In central Kyiv, just meters from a tourist route, two women were preparing to kill a Ukrainian serviceman. The Security Service of Ukraine (SBU) stopped them before the explosives were planted — but not through agent surveillance of the suspects. Instead, they were caught due to a detail the perpetrators overlooked: a GPS tracker on the victim's vehicle was discovered before the operation entered its active phase.
Two women, two assignments, zero contact between them
According to the investigation, the agents operated in isolation from each other — a classic "cell" scheme where the failure of one does not expose the other. The first was an unemployed resident of Sumy region: promised "easy money," she came to Kyiv, checked into a hotel, and assembled a homemade explosive device following video instructions from her handler in Russia.
The woman hid the finished bomb in a cache at one of the capital's cemeteries. To avoid suspicion, she disguised herself as an elderly woman in a headscarf carrying flowers.
"Retrieving the IED from the cache and securing it with a GPS tracker under the serviceman's vehicle was assigned to another agent"
Security Service of Ukraine
The second agent turned out to be a former confectionery shop owner from Sevastopol. When her business failed and debts accumulated, Russian intelligence services offered her a "way out." The woman arrived in Kyiv, where she initially conducted surveillance on the serviceman: documenting his locations and routes. She was supposed to be the one to finally plant the bomb under the car and detonate it remotely.

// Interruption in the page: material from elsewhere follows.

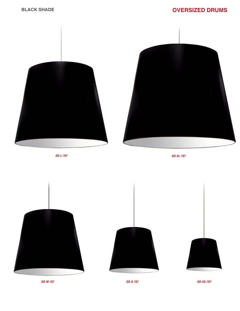 Oversized Drum lighting offers a look that can't be ignored, but is simple enough to blend in with strong modern and contemporary décor schemes. Clean lines and an elegant shape give it a luxurious appeal. A simple metal drop and/or frame is dominated by a large fabric drum shade. Options include both monochromatic designs, and contrasting inner/outer shades for a more dramatic effect. With so many options and configurations from floor to pendant lighting, Oversized Drum lighting is the ideal way to unify the look of a modern home.
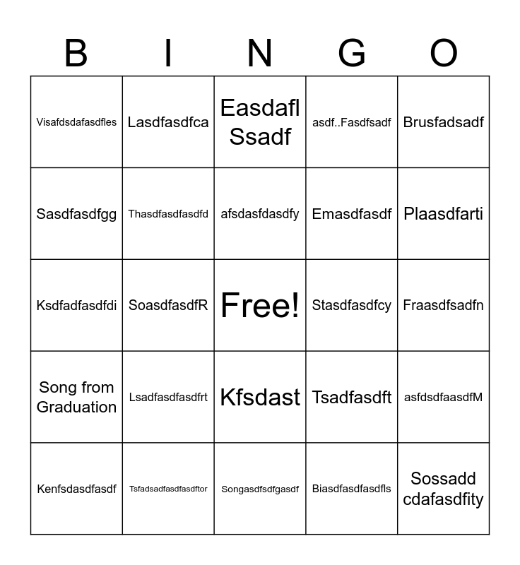 This bingo card has a free space and 24 words: Lsadfasdfasdfrt, Tsfadsadfasdfasdftor, afsdasfdasdfy, Kenfsdasdfasdf, Brusfadsadf, Visafdsdafasdfles, Sasdfasdfgg, Lasdfasdfca, Stasdfasdfcy, Kfsdast, Emasdfasdf, Ksdfadfasdfdi, Tsadfasdft, asfdsdfaasdfM, Thasdfasdfasdfd, Biasdfasdfasdfls, Fraasdfsadfn, Easdafl Ssadf, Plaasdfarti, SoasdfasdfR, Sossadd cdafasdfity, Song from Graduation, asdf..Fasdfsadf and Songasdfsdfgasdf.

What caused the operation to fail
SBU officers discovered the GPS tracker on the serviceman's vehicle before the explosive was planted. This became the entry point into the operation: one of the agents was detained "red-handed" — at the moment she came to retrieve the bomb from the cemetery cache. The second was apprehended at her residence, where investigators found nearly 6 kilograms of explosives.
Both are in custody without the right to bail. Based on the evidence, they have been charged under several articles of the Criminal Code, including state treason during martial law and preparation of a terrorist act pursuant to a prior agreement. Both face life imprisonment.
Mass casualty as the objective
According to the SBU's assessment, an explosion in the pedestrian zone of Maidan was designed not only to kill the specific serviceman but also to cause mass casualties among civilians. Maidan Nezalezhnosti is one of the capital's most visited locations.
This is not the first such case: previously, the SBU detained a 24-year-old agent who detonated a serviceman's vehicle in Kyiv's Obolon district; a GRU agent who attempted to blow up a National Guard fighter received a 7.5-year prison sentence this year. The pattern of recruitment through financial vulnerability repeats systematically.
- Recruitment through debts or promises of easy money — both schemes have been tested on socially vulnerable Ukrainian citizens
- Isolated "cells" — the agents were unaware of each other, which was meant to protect the operation from exposure
- Cover operations in public places — a cache at a cemetery, disguise as an elderly civilian
- Prior surveillance before planting — the target was followed in advance
If the GPS tracker truly was the only thread that led to exposure of the operation, one question remains open: how many similar operations lacked such an obvious technical error on the enemy's part, and is Ukrainian military personnel in civilian environments a systematic target for targeted killings rather than merely collateral objectives?